Rookie phenom Carson Fulmer was not a big collector when he was a kid, although he would purchase an occasional pack of cards at Wal-Mart for the pleasure of opening it to see whose cards he got. He is also not a big memorabilia guy, but does have some interest in picking up some jerseys and signed baseballs if he gets the chance. His favorite players as a youngster were Nolan Ryan and Mariano Rivera. He does not mind signing autographs for the fans, but he says he tries to keep things under control. He looks for the kids first when time is short.

Another newcomer to the White Sox, Adam Engel, grew up in Loveland, Ohio, so naturally he was a Cincinnati Reds fan, enjoying the play of Barry Larkin, Ken Griffey Jr. and Bret Boone. Although he, himself, is not a collector, he does enjoy interacting with the fans, especially the younger ones. He says he will sign for anyone if he has the time, even the dealers.

Former Sox players, left to right, Chet Lemon, Carl Everett and Willie Harris.

Former Sox players, left to right, Chet Lemon, Carl Everett and Willie Harris.

Trey Michalczewski, besides having one of the more difficult names in baseball to pronounce, was also a big card collector as a kid, mainly because his dad was a collector and he caught the bug from him. Trey liked hockey cards in particular, and remembers always handling them carefully and putting them in plastic holders to minimize potential damage. He also enjoys signing autographs, and will do it for anyone as long as they are respectful, except when it might be inconvenient, like when he is eating dinner. He will sign a couple of autographs for each individual if asked, but he does not like to sign blank pieces of paper. Not that anyone can blame him. He has not yet appeared at any card shows, but imagines he will eventually do them if the promoters want him.

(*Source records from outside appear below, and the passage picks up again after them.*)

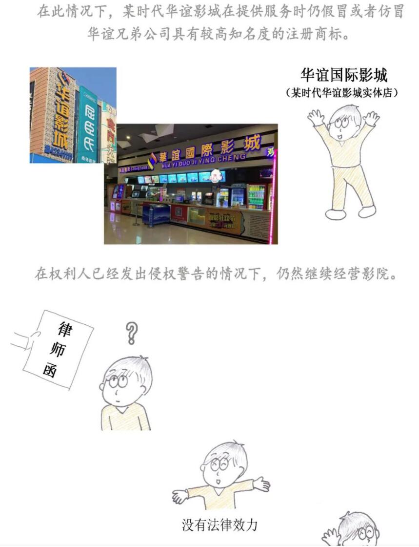华谊兄弟公司成立于2004年,在第41类电影制作、电影放映等服务上申请注册了“华谊兄弟”“华谊”等商标。自2010年6月起,华谊兄弟公司在各大城市开办影院。2014年,“华谊兄弟”商标在第41类电影制作、节目制作服务类别上被认定为驰名商标。某时代华谊影城系个体工商户,成立于2017年12月。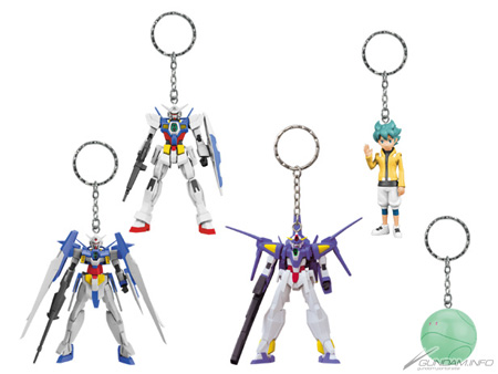 『機動戰士高達AGE』各篇中的主角機「高達AGE-1 普通型」、「高達AGE-2 普通型」、「高達AGE-3 普通型」,以及菲利特篇主角「菲利特・明日野」和「哈囉」,共5種鑰匙圈登場!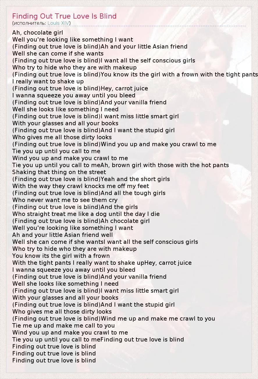 А как ты думаешь, о чем песня "Finding Out True Love Is Blind" ?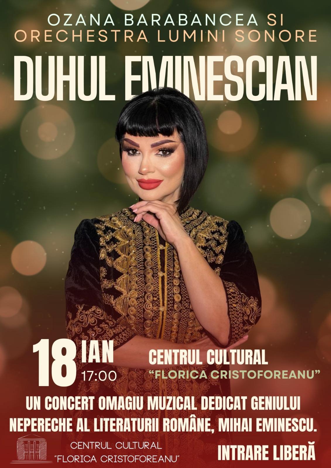 Pe 18 ianuarie, de la ora 17:00, la Centrul Cultural „Florica Cristoforeanu” din Râmnicu Sărat, sunteți invitați la un eveniment de suflet, unde muzica devine poezie, iar poezia capătă glas. Ozana Barabancea, alături de Orchestra Lumini Sonore, vă dă întâlnire la concertul „Duhul eminescian”, un omagiu emoționant dedicat marelui poet național Mihai Eminescu. Publicul va […]

Newcomer Jacob May, another Cincinnati area native, also liked Ken Griffey Jr., as well as Adam Dunn and Todd Frazier. May was not much of a collector and preferred to talk about his experience as a rookie, especially how he intends to soak up everything he can at Spring Training, like a sponge. He knows he has to treat the veterans with respect and not step on any toes. He really just wants to see how the veterans go about their business so he can emulate them when the time comes for him. As for signing autographs, he knows it is part of the job, so he tries to accommodate when he can.

Perhaps the most enthusiastic new player the team has this year is infielder Eddy Alvarez, the former Olympian. With his irrepressible smile and great sense of humor, he quickly became a favorite of the fans at Soxfest. He says he loves signing autographs, especially for the youngsters because he used to be one of those kids. His favorite players as a youngster were Cliff Floyd and Ivan Rodriquez because he grew up in Miami and was a huge Marlins fan. He and his brother loved collecting cards and still have them in a closet at their Mom’s home in a blue cushioned book. His silver medal in speedskating at the 2014 Winter Olympics led to autograph show opportunities for him, but nothing like the baseball card shows that most collectors attend. That is something he would like to do some day, however.

All in all, the White Sox should pat themselves on the back for a job well done. Everyone – the fans, the players, the front office people, the media – had the time of their lives at this year’s Soxfest. Now, they can’t wait for the 2017 Soxfest, when everyone hopes the team will be hoisting another World Series trophy.